How to test if a sequence of items was selected from a set with uniform distribution?

176 Views Asked by At

Let's assume there is a fixed set of items from which items are supposedly selected with PRNG source with no item weights, i.e.,

items[prng.nextInt(items.length)]

Many items are sampled this way, about samples.length == 10 * items.length.

If I tally the occurrences of items, some occur more frequently than the average (1.0/items.length) and some occur relatively less frequently.

I have a suspicion that the items may have a weight associated with them, making it so that some items are more likely to be selected and others are less likely by default.

How can I test the sample sequence to detect such hidden bias?

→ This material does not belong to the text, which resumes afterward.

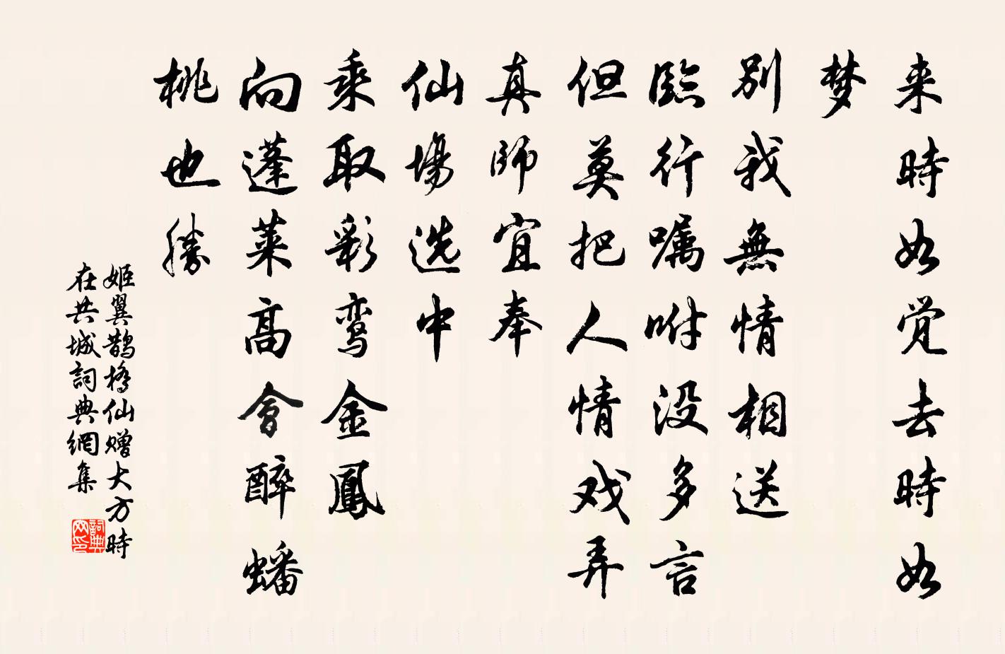 詩詞名句歷史字典書法欣賞書法字典國語詞典說文解字康熙字典古漢語字典標 題 作 者 詩 句 鵲橋仙 贈大方,時在共城作者:姬翼 朝代:元代鵲橋仙 贈大方,時在共城原文來時如覺,去時如夢。別我無情相送。臨行囑咐沒多言,但莫把、人情戲弄。真師宜奉。仙場選中。乘取彩鸞金鳳。向蓬萊高會醉蟠桃,也勝詩詞問答問:鵲橋仙 贈大方,時在共城的作者是誰?答:姬翼問:鵲橋仙 贈大方,時在共城寫於哪個朝代?答:元代問:鵲橋仙 贈大方,時在共城是什麼體裁?答:詞姬翼鵲橋仙 贈大方,時在共城書法欣賞鵲橋仙 贈大方,時在共城書法作品詩詞推薦槿花劉筠〔宋代〕紫霧函燈檠,彤霞逼綺寮。吳宮何薄命,楚夢不終朝。半被曾羞問,鄰牆卻悔招。莫移風雨怨,更囑鵲為橋。劉貢父見余歌詞數首,以詩見戲,聊次其韻蘇軾〔宋代〕十載飄然未可期,那堪重作看花詩。門前惡語誰傳去,醉後狂歌自不知。刺舌君今猶未戒,灸眉吾亦更何辭。相從水調歌頭魏了翁〔宋代〕促織誰遣汝,唧唧不能休。攬衣起觀,四顧河漢淡如油。露下南山薈蔚,風抹西湖菱芰,客感浩悠悠。尚此推不去卜運算元(赴春陵和向伯元送行詞)趙師俠〔宋代〕雲斂料寒輕,雨漲春波渺。旅枕無堪夢易驚,啼鴂聲催曉。尚憶故園花,紅紫為容好。世路崎嶇長短亭,來往何時服仙靈脾酒張耒〔宋代〕冷氣蓋侵吾髀,趨拜劇苦艱。仁哉神農氏,遺藥驅恫瘝。持錢取之市,易得如茆芫。繁枝與芳葉,盡取無可刪。貯謹和老人初冬寓筆十絕洪咨夔〔宋代〕避風台上深情寵,偃月堂中盡意謀。爭奈天公無面目,滿林黃葉一番秋。掃花游/掃地游張半湖〔宋代〕柳絲曳綠,正豆雨初晴,水天朱夏。石榴綻也。看猩紅萬點,倚亭敧榭。鎖闥深中,料想酒闌歌罷。日將下。是那送僧歸護國寺李諮〔宋代〕輦寺住經年,歸心起浩然。傳衣因世出,揮塵自彌天。海客分朝供,江燈照夜禪。赤城重到日,八桂老岩煙。雜詠五首王安石〔宋代〕白頭重到太寧宮,玉佩瓊琚在眼中。歌舞可憐人暗換,花開花落幾春風。和閻帥侍郎見寄沈繼祖〔宋代〕全荊百萬兵屯雲,甲光耀日爭晶熒。中有詩書禮樂師,聲色不動今孔明。幕府晝閒多嘯詠,風流文采被諸生。嗟予祝英台近史達祖〔宋代〕落花深,芳草暗,春到斷腸處。金勒驕風,欲過大堤去。翠樓葛領西邊,恰如曾約,畫闌映、一枝瓊樹。正凝佇。唐律十首方岳〔宋代〕松露滴深幽,山寒草逕秋。蔓藤行伏兔,野竹上牽牛。日月雙車轂,乾坤一傳郵。功名成底事,何苦覓封侯。賞春姚合〔唐代〕閒人只是愛春光,迎得春來喜欲狂。買酒怕遲教走馬,看花嫌遠自移床。嬌鶯語足方離樹,戲蝶飛高始過牆。顛倒次韻夾穀子括吳山晚眺方回〔宋代〕詩眼書胸碧宙寬,暮天搖落縱遐觀。霜明楓葉紅於染,春點梅梢玉不寒。北望遙迎書雁至,南烹屢饜膾魚殘。一規使臣周允寫平園老叟真於松竹龜鶴間戲贊周必大〔宋代〕松可以傲霜雪,竹可以延風月。龜巢葉而養氣,鶴鳴皋而戢翼。置閒身於四物,聊竊名於五一。又絕句二首劉克莊〔宋代〕東閣郎君己貳卿,斡回嚴冷作和平,專人昔暴於家靼,太傅今賢似父兄。踏莎行(贈傀儡人劉師父)劉仁父〔宋代〕不假牽絲,何勞刻木。天然容貌施妝束。把頭全仗姓劉人,就中學寫秦城築。伎倆優長,恢諧軟熟。當場喝采醒群茶山下作杜牧〔唐代〕春風最窈窕,日曉柳村西。嬌雲光占岫,健水鳴分溪。燎岩野花遠,戛瑟幽鳥啼。把酒坐芳草,亦有佳人攜。送馬莊甫攝幕鄱陽用趙文鼎韻韓元吉〔宋代〕杖策沖寒不作難,弓刀結束笑談間。便從幕府清民訟,已佐戎車靖蜑蠻。負雪幸無千里路,江湖才隔數重山。荊南簡葉丞李處權〔宋代〕傾蓋鄱陽彥,孤芳且寄林。一官方似水,五字可兼金。與世不求合,開筵猶見尋。何當鑄農器,歸望故人岑。名句推薦未老莫還鄉,還鄉須斷腸。韋莊《菩薩蠻·人人盡說江南好》 世上無難事,只怕不專心。佚名《增廣賢文·下集》 長相思,摧心肝。李白《長相思三首》 明月皎皎照我床,星漢西流夜未央。曹丕《燕歌行二首·其一》 外舉不避仇,內舉不避子。韓非及後人《韓非子·外儲說左下》 無由持一碗,寄與愛茶人。白居易《山泉煎茶有懷》 執一者至貴也,至貴者無敵。呂不韋《呂氏春秋·覽·離俗覽》 為害常因不察,致禍歸於不忍。來俊臣《羅織經·閱人卷第一》 君不見,高堂明鏡悲白髮,朝如青絲暮成雪。李白《將進酒》 為善則流芳百世,為惡則遺臭萬年。程登吉《幼學瓊林·卷三·人事》

(Background: I play a popular online game where types of legendary items are supposed to be dropped by mobs in an uniform fashion, yet the data collected of thousands of drops by me and some other players appear indicate not just non-uniformity, but per-player preference. For example, I use a flaming sword and I seem to get more flaming swords than frost swords yet another player gets crossbows and barely any kinds of swords, both inline with our playstyles.)

1

There are 1 best solutions below

4
On BEST ANSWER

I assume that there is only a finite number of items (or type of items) so one can use Pearson's chi-squared test (you can read about it here: https://en.wikipedia.org/wiki/Pearson%27s_chi-squared_test). Basically if you have $k$ items and you suspect that probability of getting each one is $\frac{1}{k}$ and yet the data tells you that the $i$-th item appeared $n_i$ times you can compute the number ($N=n_1+n_2+...+n_k$): $$\chi^2=\frac{k}{N}\left((n_1-\frac{N}{k})^2+(n_2-\frac{N}{k})^2+...+(n_k-\frac{N}{k})^2\right)$$ It should follow a Chi-squared distribution with $k-1$ degrees of freedom. Basically if you observe that this number is much higher than $k-1$ there is a strong suspicion that the data is not uniformly distributed. If you want to know exactly how likely it is you can use WolframAlfa/Mathematica function:
$$\textrm{CDF[ChiSquareDistribution[$k-1$],$\chi^2$]}$$ Where you substitute both the number of items and the value computed above. You should get a value from $[0,1]$ - the higher it is, the stronger is the suspicion that the values is not normally distribution. You can use the $0.95$ or $0.99$ as your cutoff - if the value will be greater than it you can conclude that the data is probably not uniformly distributed.